12 (100.00%) 	 12 (100.00%)
5 (99.65%) 	 5 (69.83%)
1 (63.76%) 	 1 (62.01%)
5 (85.53%) 	 5 (98.04%)
8 (98.48%) 	 1 (66.45%) 	 MISMATCH!!
13 (87.91%) 	 13 (98.45%)
12 (97.51%) 	 12 (100.00%)
5 (99.85%) 	 5 (99.99%)
12 (100.00%) 	 12 (99.98%)
5 (99.59%) 	 13 (94.90%) 	 MISMATCH!!
15 (97.62%) 	 12 (100.00%) 	 MISMATCH!!
3 (81.02%) 	 3 (80.31%)
8 (100.00%) 	 8 (99.93%)
6 (99.85%) 	 5 (54.45%) 	 MISMATCH!!
12 (100.00%) 	 12 (100.00%)
2 (47.00%) 	 5 (78.62%) 	 MISMATCH!!
5 (90.47%) 	 5 (99.79%)
6 (99.64%) 	 3 (59.76%) 	 MISMATCH!!
5 (99.75%) 	 5 (99.89%)
13 (99.99%) 	 13 (100.00%)

The same exact code example does result in the same and correct outputs in a docker container with image nvcr.io/nvidia/tensorflow:19.11-tf1-py3.

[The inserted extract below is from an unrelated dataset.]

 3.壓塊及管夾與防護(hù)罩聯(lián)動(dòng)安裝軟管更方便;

So it is either a bug in TensorRT 5.1.5 or cudnn 7.6.2 which is solved in TensorRT 6.0.0 or cudnn 7.6.5.
Since they are the only differences between tensorflow/tensorflow:1.15.0-gpu-py3-jupyter and nvcr.io/nvidia/tensorflow:19.11-tf1-py3.

@stengoes hellow, after you have saved optimized model, when you load the optimized model again, whether cost too much time ? i test yolov3 on xavier, which cost 12 minutes !!! do you have same problem ? hope for your answer, thank you

@stengoes besides,26G memory was consumed !!! do you have this phenomenon ?

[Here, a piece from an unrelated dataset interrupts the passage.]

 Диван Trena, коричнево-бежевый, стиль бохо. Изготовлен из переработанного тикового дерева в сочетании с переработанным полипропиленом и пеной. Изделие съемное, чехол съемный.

@stengoes hellow, after you have saved optimized model, when you load the optimized model again, whether cost too much time ? i test yolov3 on xavier, which cost 12 minutes !!! do you have same problem ? hope for your answer, thank you

The script was not meant to be optimal in terms of performance.

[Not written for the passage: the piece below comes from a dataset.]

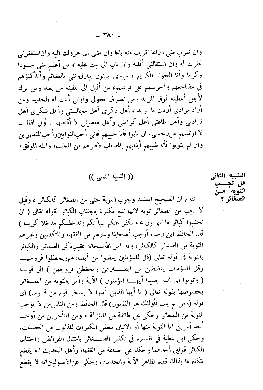 ((التَّنْبِيهُ الثَّانِي)) تَقَدَّمَ أَنَّ الصَّحِيحَ الْمُعْتَمَدَ وُجُوبُ التَّوْبَةِ حَتَّى مِنَ الصَّغَائِرِ كَالْكَبَائِرِ، وَقِيلَ: لَا تَجِبُ مِنَ الصَّغَائِرِ تَوْبَةٌ ; لِأَنَّهَا تَقَعُ مُكَفَّرَةً بِاجْتِنَابِ الْكَبَائِرِ؛ لِقَوْلِهِ - تَعَالَى -: {إِنْ تَجْتَنِبُوا كَبَائِرَ مَا تُنْهَوْنَ عَنْهُ نُكَفِّرْ عَنْكُمْ سَيِّئَاتِكُمْ وَنُدْخِلْكُمْ مُدْخَلًا كَرِيمًا} [النساء: 31] قَالَ الْحَافِظُ ابْنُ رَجَبٍ: أَوْجَبَ أَصْحَابُنَا وَغَيْرُهُمْ مِنَ الْفُقَهَاءِ وَالْمُتَكَلِّمِينَ وَغَيْرِهِمُ التَّوْبَةَ مِنَ الصَّغَائِرِ كَالْكَبَائِرِ، وَقَدْ أَمَرَ اللَّهُ - سُبْحَانَهُ - عَقِيبَ ذِكْرِ الصَّغَائِرِ وَالْكَبَائِرِ بِالتَّوْبَةِ فِي قَوْلِهِ - تَعَالَى -: {قُلْ لِلْمُؤْمِنِينَ يَغُضُّوا مِنْ أَبْصَارِهِمْ وَيَحْفَظُوا فُرُوجَهُمْ - وَقُلْ لِلْمُؤْمِنَاتِ يَغْضُضْنَ مِنْ أَبْصَارِهِنَّ وَيَحْفَظْنَ فُرُوجَهُنَّ} [النور: 30 - 31] إِلَى قَوْلِهِ: {وَتُوبُوا إِلَى اللَّهِ جَمِيعًا أَيُّهَا الْمُؤْمِنُونَ} [النور: 31] الْآيَةَ، وَأَمَرَ بِالتَّوْبَةِ مِنَ الصَّغَائِرِ بِخُصُوصِهَا بِقَوْلِهِ - تَعَالَى -: {يَاأَيُّهَا الَّذِينَ آمَنُوا لَا يَسْخَرْ قَومٌ مِنْ قَوْمٍ} [الحجرات: 11] إِلَى قَوْلِهِ: {وَمَنْ لَمْ يَتُبْ فَأُولَئِكَ هُمُ الظَّالِمُونَ} [الحجرات: 11] قَالَ الْحَافِظُ: وَمِنَ النَّاسِ مَنْ لَا يُوجِبُ التَّوْبَةَ مِنَ الصَّغَائِرِ، وَحُكِيَ عَنْ طَائِفَةٍ مِنَ الْمُعْتَزِلَةِ. وَمِنَ الْمُتَأَخِّرِينَ مَنْ أَوْجَبَ أَحَدَ أَمْرَيْنِ، إِمَّا التَّوْبَةَ مِنْهَا أَوِ الْإِتْيَانَ بِبَعْضِ الْمُكَفِّرَاتِ لِلذُّنُوبِ مِنَ الْحَسَنَاتِ. وَحَكَى ابْنُ عَطِيَّةَ فِي تَفْسِيرِهِ فِي تَكْفِيرِ الصَّغَائِرِ بِامْتِثَالِ الْفَرَائِضِ وَاجْتِنَابِ الْكَبَائِرِ قَوْلَيْنِ: أَحَدُهُمَا: وَحَكَاهُ عَنْ جَمَاعَةٍ مِنَ الْفُقَهَاءِ وَأَهْلِ الْحَدِيثِ أَنَّهُ يَقْطَعُ بِتَكْفِيرِهَا بِذَلِكَ قَطْعًا لِظَاهِرِ الْآيَةِ وَالْحَدِيثِ، وَحَكَى عَنِ الْأُصُولِيِّينَ أَنَّهُ لَا يُقْطَعُ
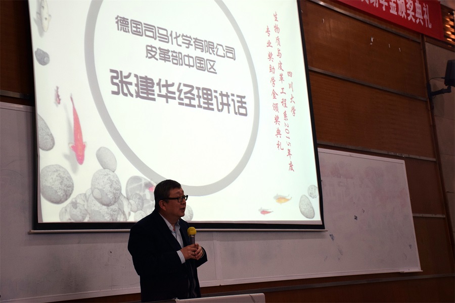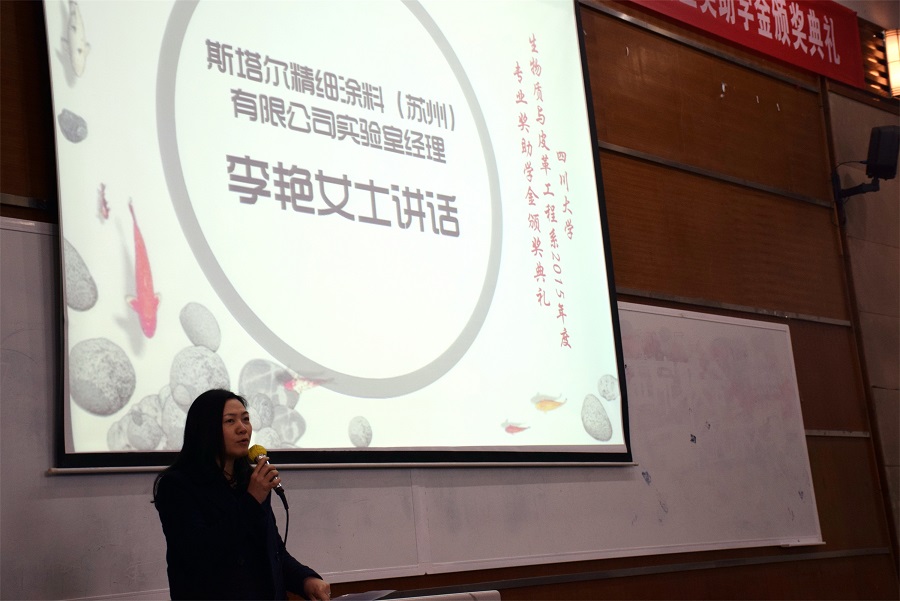 生物质与皮革工程近年来在教学、科研、人才培养等方面所取得的成绩。紧接着,设奖单位代表中国皮革协会陈占光秘书长,德国司马化学有限公司皮革部中国区张建华经理,斯塔尔精细涂料(苏州)有限公司实验室经理李艳女士分别进行了简短讲话。设奖单位代表均纷纷表示,希望通过奖学金的设立加强与高校在人才培养、技术交流等方面进行更深入的合作。随后,奈菲影视

For each example it first loads the TF native model, then evaluates the example, and then unloads the model. Then it does the same for the TensorRT optimized model. Finally it compares the output values of both models and the process repeats for the next example.

This procedure is by no means optimal, but for me it was just a quick and dirty way to make absolutely sure that the output values are not accidentally influenced by the wrong model.

Loading and unloading of the models takes a lot of time (also depending on hardware and model size). Also you could be running a lot of examples, which means the loading the "examples.pkl" could take a lot of time? So I can understand your run time of 12 minutes. Anyway a much more optimal way would be to load each model model once and run all examples in batch mode and compare the output values of the two batches. In order to achieve this you would only need to modify the script a little bit.

@stengoes besides,26G memory was consumed !!! do you have this phenomenon ?

Hard to tell where this is coming from based on your info. Could be that your "examples.pkl" is really large?